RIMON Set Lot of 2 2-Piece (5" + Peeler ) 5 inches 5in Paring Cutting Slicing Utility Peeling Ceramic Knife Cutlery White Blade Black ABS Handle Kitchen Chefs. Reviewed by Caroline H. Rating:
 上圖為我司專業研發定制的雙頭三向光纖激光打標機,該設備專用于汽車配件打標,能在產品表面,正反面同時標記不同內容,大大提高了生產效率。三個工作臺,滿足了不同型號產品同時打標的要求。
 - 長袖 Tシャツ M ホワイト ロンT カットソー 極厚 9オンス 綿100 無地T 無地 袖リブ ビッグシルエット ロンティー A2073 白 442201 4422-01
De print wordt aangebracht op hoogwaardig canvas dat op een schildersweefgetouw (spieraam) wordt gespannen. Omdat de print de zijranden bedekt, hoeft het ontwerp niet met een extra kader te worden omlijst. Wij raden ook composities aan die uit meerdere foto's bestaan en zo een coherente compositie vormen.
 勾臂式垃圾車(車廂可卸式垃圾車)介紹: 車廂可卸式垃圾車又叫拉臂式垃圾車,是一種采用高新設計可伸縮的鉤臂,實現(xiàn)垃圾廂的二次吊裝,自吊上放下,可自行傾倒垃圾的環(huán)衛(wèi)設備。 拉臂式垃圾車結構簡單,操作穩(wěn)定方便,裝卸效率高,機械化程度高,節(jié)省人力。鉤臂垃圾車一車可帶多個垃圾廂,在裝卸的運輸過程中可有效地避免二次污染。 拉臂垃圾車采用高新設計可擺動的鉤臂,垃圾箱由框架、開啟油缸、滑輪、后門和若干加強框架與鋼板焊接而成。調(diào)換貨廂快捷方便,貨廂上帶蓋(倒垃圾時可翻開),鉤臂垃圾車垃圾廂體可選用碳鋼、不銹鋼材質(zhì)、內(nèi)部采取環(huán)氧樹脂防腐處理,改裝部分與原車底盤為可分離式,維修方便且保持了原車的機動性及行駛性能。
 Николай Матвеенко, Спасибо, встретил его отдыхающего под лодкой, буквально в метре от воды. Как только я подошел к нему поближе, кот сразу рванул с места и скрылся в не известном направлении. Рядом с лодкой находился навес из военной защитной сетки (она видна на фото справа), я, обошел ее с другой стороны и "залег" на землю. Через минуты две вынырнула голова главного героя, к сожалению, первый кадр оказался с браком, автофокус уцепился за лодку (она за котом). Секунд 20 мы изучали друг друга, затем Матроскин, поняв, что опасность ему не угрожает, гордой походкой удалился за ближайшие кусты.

****************************************

Every line from the one holding "De print wordt" through the final line of the listing must be echoed exactly; leave out all other lines.

§ **Solution to the exercise**
De print wordt aangebracht op hoogwaardig canvas dat op een schildersweefgetouw (spieraam) wordt gespannen. Omdat de print de zijranden bedekt, hoeft het ontwerp niet met een extra kader te worden omlijst. Wij raden ook composities aan die uit meerdere foto's bestaan en zo een coherente compositie vormen.
 勾臂式垃圾車(車廂可卸式垃圾車)介紹: 車廂可卸式垃圾車又叫拉臂式垃圾車,是一種采用高新設計可伸縮的鉤臂,實現(xiàn)垃圾廂的二次吊裝,自吊上放下,可自行傾倒垃圾的環(huán)衛(wèi)設備。 拉臂式垃圾車結構簡單,操作穩(wěn)定方便,裝卸效率高,機械化程度高,節(jié)省人力。鉤臂垃圾車一車可帶多個垃圾廂,在裝卸的運輸過程中可有效地避免二次污染。 拉臂垃圾車采用高新設計可擺動的鉤臂,垃圾箱由框架、開啟油缸、滑輪、后門和若干加強框架與鋼板焊接而成。調(diào)換貨廂快捷方便,貨廂上帶蓋(倒垃圾時可翻開),鉤臂垃圾車垃圾廂體可選用碳鋼、不銹鋼材質(zhì)、內(nèi)部采取環(huán)氧樹脂防腐處理,改裝部分與原車底盤為可分離式,維修方便且保持了原車的機動性及行駛性能。
 Николай Матвеенко, Спасибо, встретил его отдыхающего под лодкой, буквально в метре от воды. Как только я подошел к нему поближе, кот сразу рванул с места и скрылся в не известном направлении. Рядом с лодкой находился навес из военной защитной сетки (она видна на фото справа), я, обошел ее с другой стороны и "залег" на землю. Через минуты две вынырнула голова главного героя, к сожалению, первый кадр оказался с браком, автофокус уцепился за лодку (она за котом). Секунд 20 мы изучали друг друга, затем Матроскин, поняв, что опасность ему не угрожает, гордой походкой удалился за ближайшие кусты.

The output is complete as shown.